SubmissionDate: the date and time that the submission was submitted to the SurveyCTO server. This may well differ from the date and time at which the form was initially filled out.
review_status (maybe): if the review and correction workflow is enabled for the form and you have chosen to export not-yet-approved submissions, then this column indicates the review status for each submission.
review_comments (maybe): if the review and correction workflow is enabled for the form, then this column includes any comments added to each submission.
review_corrections (maybe): if the review and correction workflow is enabled for the form, then this column includes a history of corrections made to each submission. (Whenever your exported data includes corrections, your export will also include a separate yourformid_correction_log.csv file that contains a complete record of corrections.)
review_quality (maybe): if the review and correction workflow is enabled for the form, then this column includes the quality classification for all reviewed submissions.
Except for some special cases described below, each field in your survey will be exported as its own separate column.

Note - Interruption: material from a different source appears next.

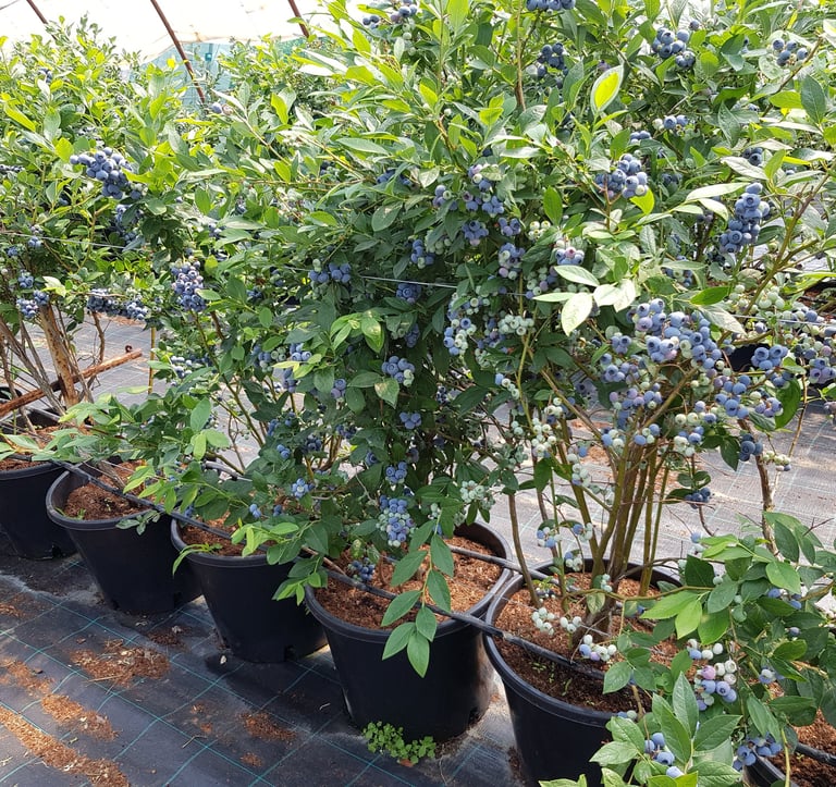 Kínálatunkban 6–7 éves áfonyabokrok találhatók, 35–45 literes edényekben. A növények magassága 100–200 cm, méretüktől függően évente több kiló ízletes termést hoznak. A Növények akár 25 évig teremnek, -30 fokig nem fagynak meg.

The name of each column (the value in the header row of exported files) will simply be the name that you gave the field in your form definition – unless you are exporting data with SurveyCTO Desktop and have selected the option to include group names in column headers. In that case, column headers will include both field names and enclosing groups (e.g., consented-agriculture-crops for a field named crops that's inside groups named consented and agriculture).

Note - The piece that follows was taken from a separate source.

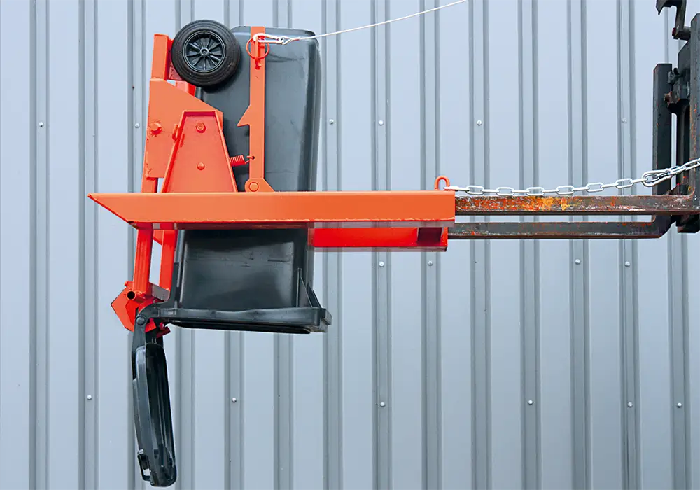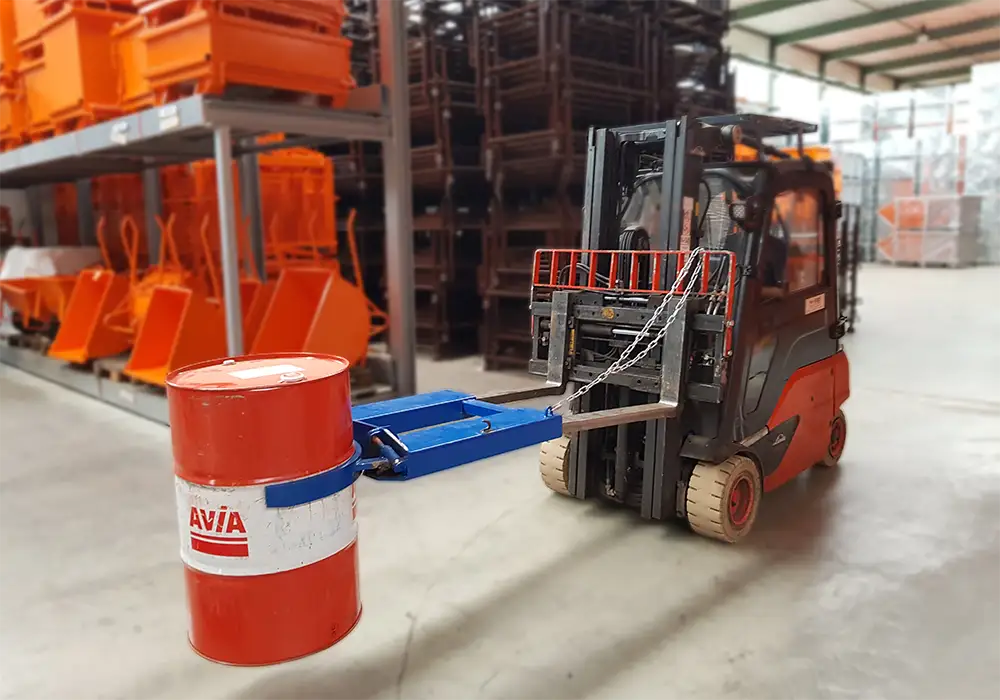Mit Stapler-Anbaugeräten und Behältern kann der Händler jedem Kunden mit Gabelstaplern zusätzliche Produkte für Transport, Sammeln, Kippen und Fasshandling anbieten.

Dates and times (like the SubmissionDate column discussed above) are always exported relative to the time zone of the exporting computer – not the time zone of the data-collection device. This is done as a convenience so that data collected in multiple time zones can be easily analyzed relative to a single fixed time zone. (In the case of data published directly from the server to the cloud, the time zone used is always UTC.)

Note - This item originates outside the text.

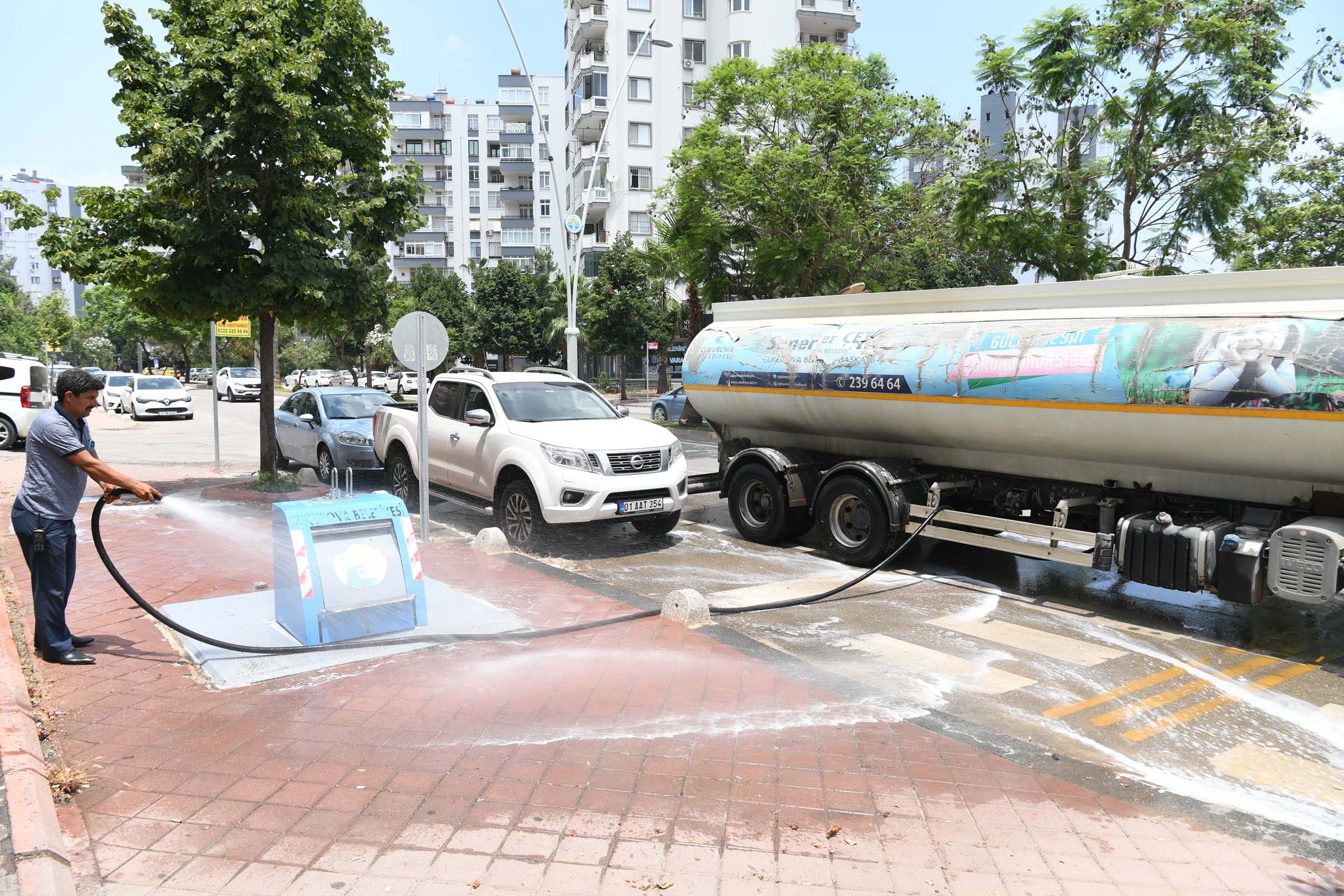 Çöp konteynerleri yanında Çukurova Belediyesi’nin sorumluluk alanındaki sokak ve caddeler ile parklarda da aynı uygulama yapılıyor. Sokak, cadde ve parklar da hazırlanan program dahilinde ilaçlı su ile yakınıyor ve Çukurova halkına daha sağlıklı bir ortam sağlanıyor.

GPS locations captured with geopoint fields are exported as four columns rather than just one; for example, for a field named gpsloc, the four columns would be: gpsloc-Latitude, gpsloc-Longitude, gpsloc-Altitude, and gpsloc-Accuracy (altitude and accuracy will be in meters – and set to exactly 0.0 when unavailable). GPS data collected with geoshape or geotrace fields export into single columns, each of which includes a list of points that represent the polygon or polyline saved; the list of points is separated by semi-colons, and each point has a latitude, a space, a longitude, a space, an altitude, a space, and an accuracy.
Multiple-choice fields that allow the user to choose more than one option (captured with select_multiple fields) are exported as a space-separated list of selected option values (like "1 3" if only options with values 1 and 3 were selected). By default, a series of 1/0 columns for each possible answer value (i.e., a series of "dummy variables") will also be added; for example, a single field named crops that has choice values 1, 2, and 3 would be exported with extra crops_1, crops_2, and crops_3 columns, with submission values of 1 if selected or 0 if not selected. If you don't need the extra columns and want to speed up your exports, you can disable the Export select_multiple responses as a series of 1/0 columns setting in SurveyCTO Desktop.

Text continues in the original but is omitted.